Charts & plugins
Heavy third-party libraries are wrapped in thin components that lazy-load their dependency only on the browser, only when the component is used. Install the peers you need; skip the ones you don't.
How lazy loading works
The plugin wrappers (LteApexChart, LteDatatable, LteInputFlatpickr, LteInputTomSelect) declare their library as an optional peer dependency and import it with a dynamic import() guarded by a platform check. So the library never bloats your main bundle, never runs on the server during SSR/prerender, and degrades gracefully (a static table, a plain input) if the peer isn't installed — logging a single console warning. Install only what you use:
npm install apexcharts flatpickr tom-select simple-datatables
ApexCharts
<lte-apex-chart> takes a raw ApexCharts options object via its required options input. Pass any valid ApexCharts config (series, chart, xaxis, …); when the input changes, the chart re-renders, and it is destroyed on teardown.

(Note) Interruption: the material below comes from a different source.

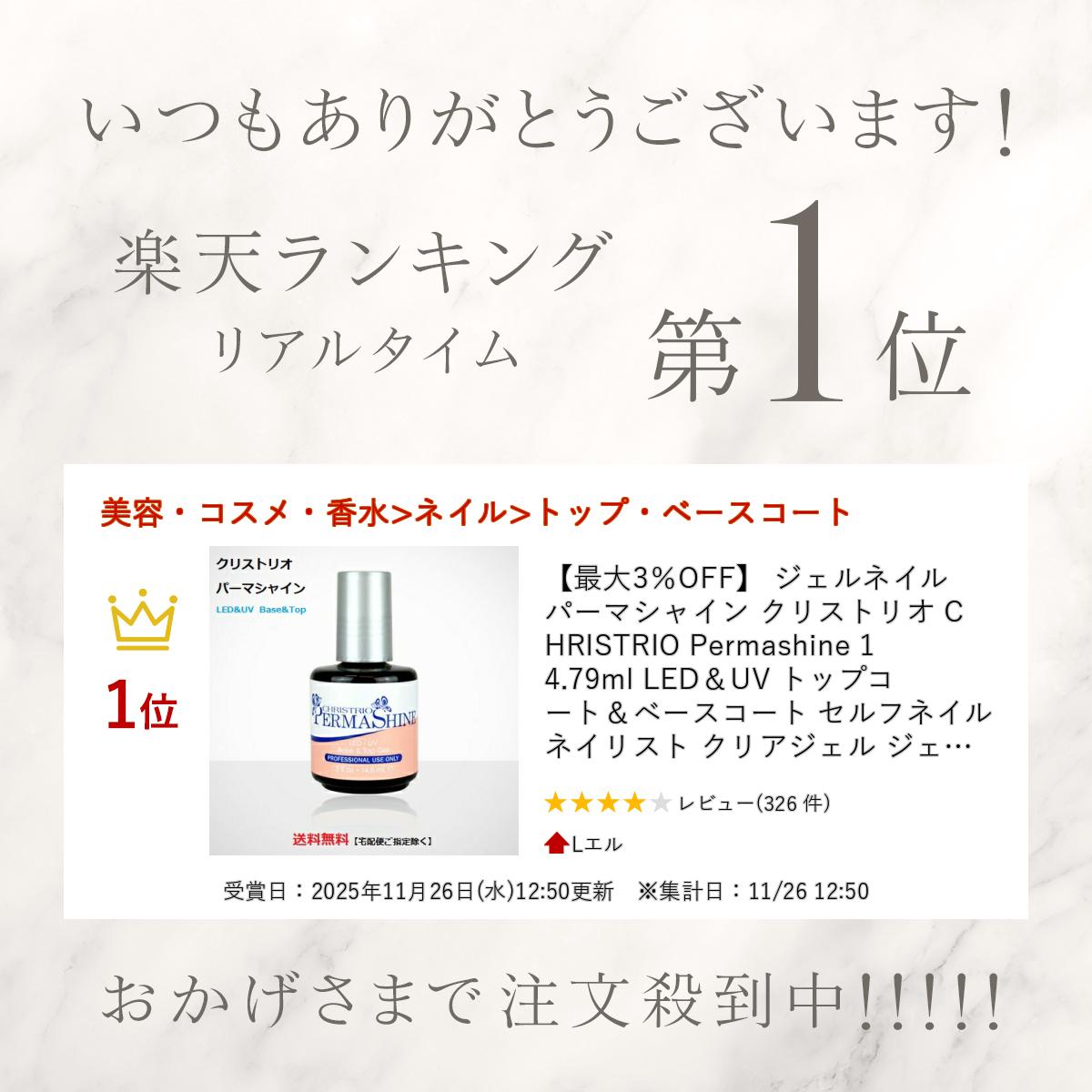 楽天市場最大3%OFFジェルネイル パーマシャイン クリストリオ CHRISTRIO Permashine 14.79ml LED&UV トップコート&ベースコートセルフネイル ネイリスト クリアジェル ジェラッカー gel nail ネイル 箱付き NEWパッケージ 新品 送料無料 : Lエル。

import { Component, computed, signal } from '@angular/core';
import { AppContentComponent, CardComponent, ApexChartComponent } from '@adminlte/angular';
@Component({
selector: 'app-dashboard',
imports: [AppContentComponent, CardComponent, ApexChartComponent],
template: `
<lte-app-content title="Dashboard">
<lte-card title="Sales">
<lte-apex-chart [options]="chartOptions()" />
</lte-card>
</lte-app-content>
`,
})
export class DashboardPage {
private readonly series = signal([30, 40, 45, 50, 49, 60, 70]);
readonly chartOptions = computed(() => ({
chart: { type: 'area', height: 300, toolbar: { show: false } },
series: [{ name: 'Revenue', data: this.series() }],
xaxis: { categories: ['Mon', 'Tue', 'Wed', 'Thu', 'Fri', 'Sat', 'Sun'] },
}));
}
Build options as a computed() so the chart reacts to your signals automatically. apexcharts is an optional peer — install it to activate the wrapper.
Datatables
<lte-datatable> renders a plain Bootstrap table from columns + data, then progressively enhances it with simple-datatables (search, sort, paginate). Columns are DatatableColumn — { key, label?, sortable? }.
<lte-datatable
[columns]="[
{ key: 'name', label: 'Name' },
{ key: 'role', label: 'Role' },
{ key: 'joined', label: 'Joined', sortable: false }
]"
[data]="rows"
[options]="{ perPage: 10 }"
/>
Flatpickr & Tom Select
Two form controls wrap popular pickers. Both are ControlValueAccessors with a [(value)] model, and accept extra library settings.
<lte-input-flatpickr
label="Event date"
[options]="{ dateFormat: 'Y-m-d' }"
[(value)]="date"
/>
<lte-input-tom-select
label="Tags"
[multiple]="true"
[options]="[{ value: 'ng', text: 'Angular' }, { value: 'ts', text: 'TypeScript' }]"
[(value)]="tags"
/>
<lte-input-flatpickr> forwards extra flatpickr options through [options]; <lte-input-tom-select> forwards Tom Select settings through [settings] and takes its choices as TomSelectOption[].
Plugin-heavy demo pages
Some demo pages use libraries that have no first-class wrapper (FullCalendar, Quill, SortableJS, jsVectorMap). The pattern there is to load the library inside Angular's afterNextRender using dynamic imports, so SSR/prerender never touches the browser-only code, and to wrap the whole init in try/catch so a failed load degrades to an empty card instead of breaking the page:
import { Component, ElementRef, afterNextRender, viewChild } from '@angular/core';
@Component({ /* ... */ })
export class CalendarPage {
private readonly calendarEl = viewChild.required<ElementRef>('calendar');
constructor() {
afterNextRender(async () => {
try {
const { Calendar } = await import('@fullcalendar/core');
const dayGrid = (await import('@fullcalendar/daygrid')).default;
const calendar = new Calendar(this.calendarEl().nativeElement, {
plugins: [dayGrid],
initialView: 'dayGridMonth',
});
calendar.render();
} catch {
// optional progressive enhancement — leave the card empty on failure
}
});
}
}
The calendar, kanban (SortableJS) and editor (Quill) demo pages all follow this afterNextRender + dynamic-import recipe. Use it whenever you integrate a browser-only library that the library doesn't wrap for you.